An unusably hot open space with no shade. Patricia's Green, 2019.

It's blisteringly hot in San Francisco right now. The Department of Homeless Services has activated special policies to help get people inside. It's a Spare the Air day, which means we are all supposed to figure out how to avoid driving private vehicles. And, most worryingly, fire season has already started.

You know what would be great on a day like today? More shadows, to help make the sidewalks cooler. Unfortunately, it's the explicit policy of the San Francisco Board of Supervisors and Planning Commission that shadows are harmful impacts that must be mitigated. If you want to know why the sidewalks are so hot, start with the politicians who view more shade as harmful.

In 1989, San Francisco voters passed Proposition K, which required explicit Planning Commission approval for any building that might cast a shadow on any public park. This past April, 63 units of housing, including 15 below market rate units, were denied because they would increase the shadow on a basketball court on a nearby public park. (There were other reasons to deny the project - the property owner has a poor record with tenants on other properties - but the law required an objective reason to deny a project, and shadows were it.)

As a recreational basketball player, I can say that playing basketball in 90-degree heat is miserable.
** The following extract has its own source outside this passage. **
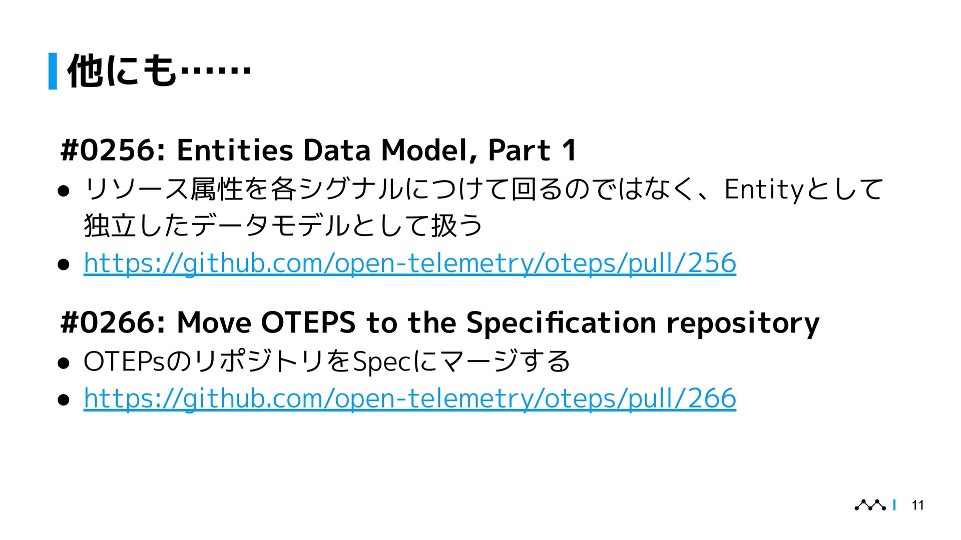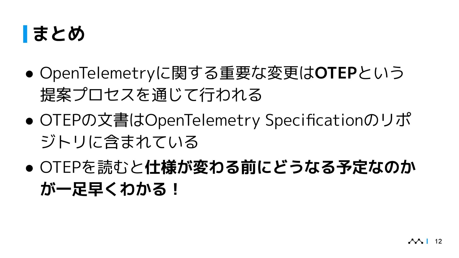 • https://github.com/open-telemetry/oteps/pull/256 #0266: Move OTEPS to the Specification repository • OTEPsのリポジトリをSpecにマージする • https://github.com/open-telemetry/oteps/pull/266 11

If one team has to stare into the sun to see the basket and play defense, they're at a significant disadvantage. More shade means you can spend more time playing basketball and less time sweating. If the court is darker for 30 minutes longer in the summer, use the property tax revenue or impact fees from the new construction to build lights. 

Other city parks are entirely concrete and have no shade at all. The Jose Coronado Playground is a great example: it has a concrete soccer field and basketball court, surrounded by buildings that aren't tall enough to cast shade. I guarantee every person in that neighborhood would have appreciated a shadow on Monday, June 10th, when the City was 97 degrees. 
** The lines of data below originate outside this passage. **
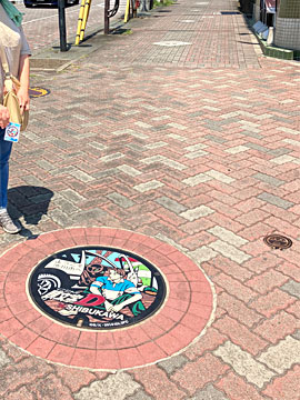 実物のカラーマンホールも建物の前にありました。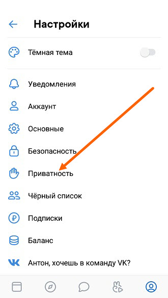 Здесь нам нужно воспользоваться настройками приватности, а делается это следующим образом.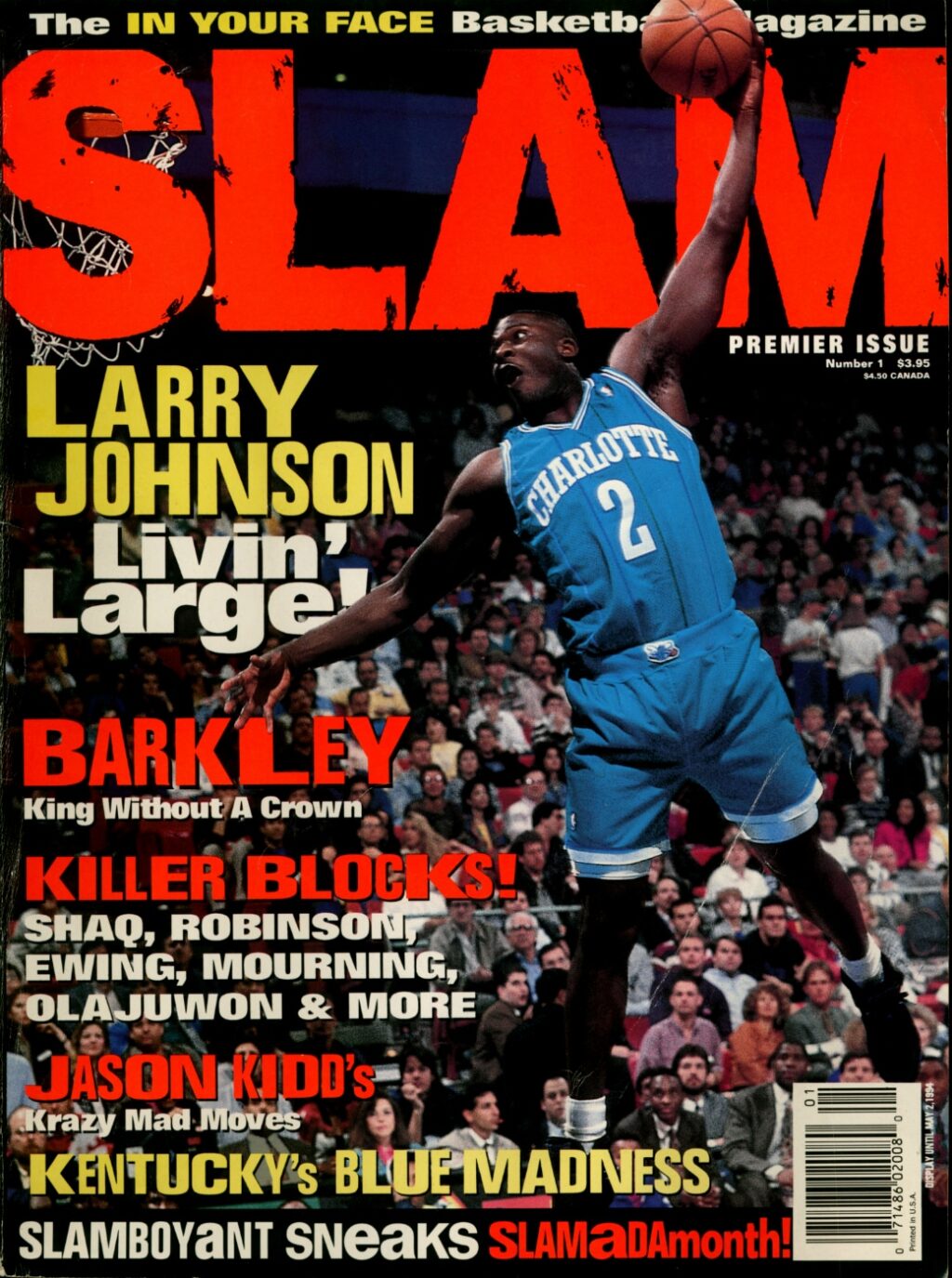 En couverture du premier numéro, Larry Johnson, ailier des Charlotte Hornets et Rookie of the Year 1992, formé à l’université UNLV dont l’esthétique flirtait déjà avec le hip-hop. Johnson incarne la vision du magazine : talent brut, style affirmé, identité forte. Pourtant, le lancement se fait sans shooting maison, comme s’en souvient Dennis Page, fondateur de la revue : « Aucun des joueurs ne voulait poser pour nous. Au tout début, nous avons dû acheter des photos existantes auprès de la NBA. »

San Francisco’s Supervisors are no better. Last year District 9 Supervisor Hillary Ronen delayed a zoning compliant project that would have replaced a laundromat by noting that it would cast a shadow on a nearby preschool.

The preschool yard in question is entirely concrete. On a day like June 10th, temperatures in the yard exceeded 95 degrees - not exactly ideal for three and four-year-olds playing outside. Rejecting a building on the explicit grounds that it would have provided shade to four-year-olds is borderline inhumane.
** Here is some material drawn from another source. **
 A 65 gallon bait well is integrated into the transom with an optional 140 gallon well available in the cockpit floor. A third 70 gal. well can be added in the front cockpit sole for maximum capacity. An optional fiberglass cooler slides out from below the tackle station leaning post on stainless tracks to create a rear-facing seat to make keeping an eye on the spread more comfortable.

Blocking new housing due to shadows also keeps most of our existing housing stock really old. Old buildings aren't as well insulated, are less likely to have air conditioning, and use significantly more energy to keep cool. Proper insulation and building design can keep buildings cool when it is hot out and prevent heat stroke.

Taller buildings also pay impact fees and reassessed property taxes. This gives local government more money to pay for services that can relieve the impact of heat. We can pay to maintain more public trees, which provide shade and also lower the temperature of the surrounding air, by pulling water from the ground. We can build more supportive housing and air-conditioned navigation centers, to help get homeless people off of our very hot streets.

This summer is already off to a hot start. But thanks to climate change, San Francisco summers are only going to get worse from here. It's time to start re-evaluating policies to adjust to this new reality. Adding more shade is a good start.